-- RECORDS PROVIDED follows --
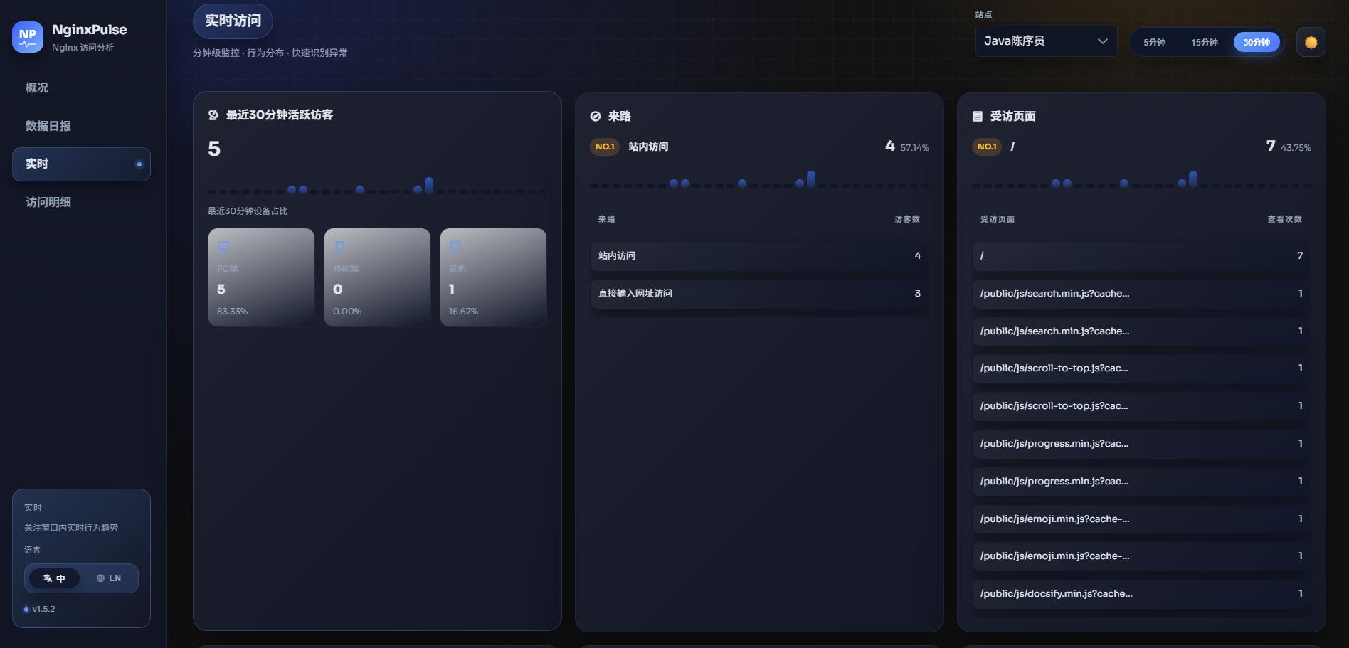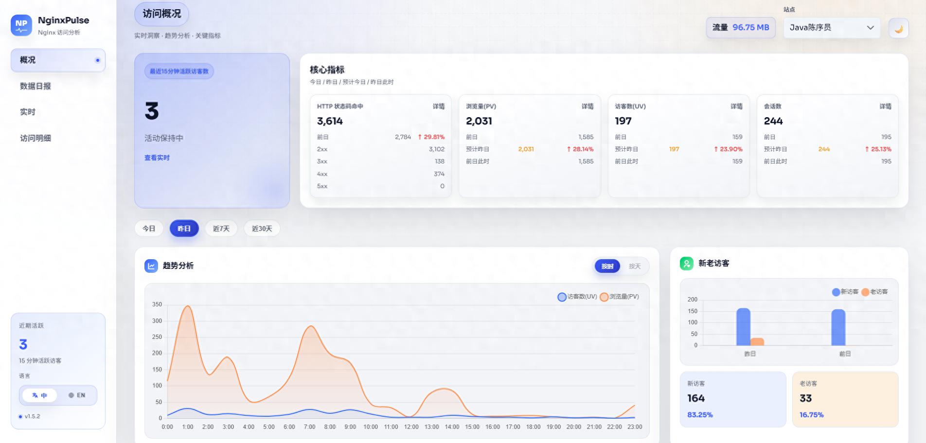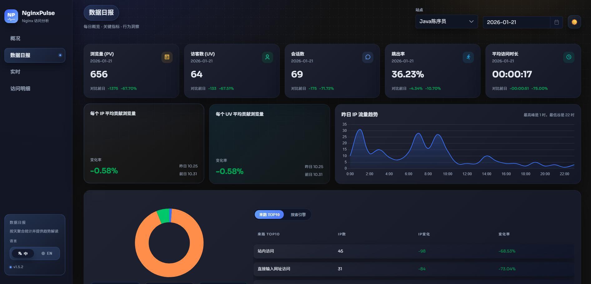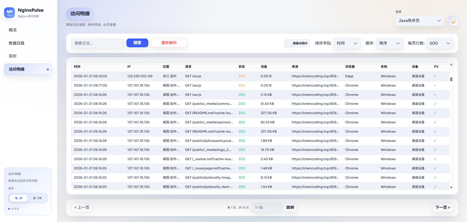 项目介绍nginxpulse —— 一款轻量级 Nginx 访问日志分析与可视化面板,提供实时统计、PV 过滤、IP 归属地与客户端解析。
-- RECORDS PROVIDED concluded --
-- RECORDS PROVIDED follows --
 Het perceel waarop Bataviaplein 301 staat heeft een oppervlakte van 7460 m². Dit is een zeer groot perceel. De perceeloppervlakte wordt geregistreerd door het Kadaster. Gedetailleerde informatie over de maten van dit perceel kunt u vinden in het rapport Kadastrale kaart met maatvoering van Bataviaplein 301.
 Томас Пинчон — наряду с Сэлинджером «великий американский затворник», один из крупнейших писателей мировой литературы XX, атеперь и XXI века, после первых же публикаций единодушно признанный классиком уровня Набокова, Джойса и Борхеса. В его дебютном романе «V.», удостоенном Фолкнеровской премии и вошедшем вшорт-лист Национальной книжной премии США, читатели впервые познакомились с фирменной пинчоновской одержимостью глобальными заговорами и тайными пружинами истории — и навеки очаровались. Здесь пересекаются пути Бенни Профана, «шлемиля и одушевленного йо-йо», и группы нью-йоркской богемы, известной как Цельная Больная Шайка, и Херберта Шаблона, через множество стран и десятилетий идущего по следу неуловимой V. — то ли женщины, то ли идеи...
-- RECORDS PROVIDED concluded --
WORK REQUIRED:
Give back the records above exactly, limited to the lines between the one holding "Het perceel waarop" and the one holding "Томас Пинчон —", inclusive.

RESULT BELOW:
 Het perceel waarop Bataviaplein 301 staat heeft een oppervlakte van 7460 m². Dit is een zeer groot perceel. De perceeloppervlakte wordt geregistreerd door het Kadaster. Gedetailleerde informatie over de maten van dit perceel kunt u vinden in het rapport Kadastrale kaart met maatvoering van Bataviaplein 301.
 Томас Пинчон — наряду с Сэлинджером «великий американский затворник», один из крупнейших писателей мировой литературы XX, атеперь и XXI века, после первых же публикаций единодушно признанный классиком уровня Набокова, Джойса и Борхеса. В его дебютном романе «V.», удостоенном Фолкнеровской премии и вошедшем вшорт-лист Национальной книжной премии США, читатели впервые познакомились с фирменной пинчоновской одержимостью глобальными заговорами и тайными пружинами истории — и навеки очаровались. Здесь пересекаются пути Бенни Профана, «шлемиля и одушевленного йо-йо», и группы нью-йоркской богемы, известной как Цельная Больная Шайка, и Херберта Шаблона, через множество стран и десятилетий идущего по следу неуловимой V. — то ли женщины, то ли идеи...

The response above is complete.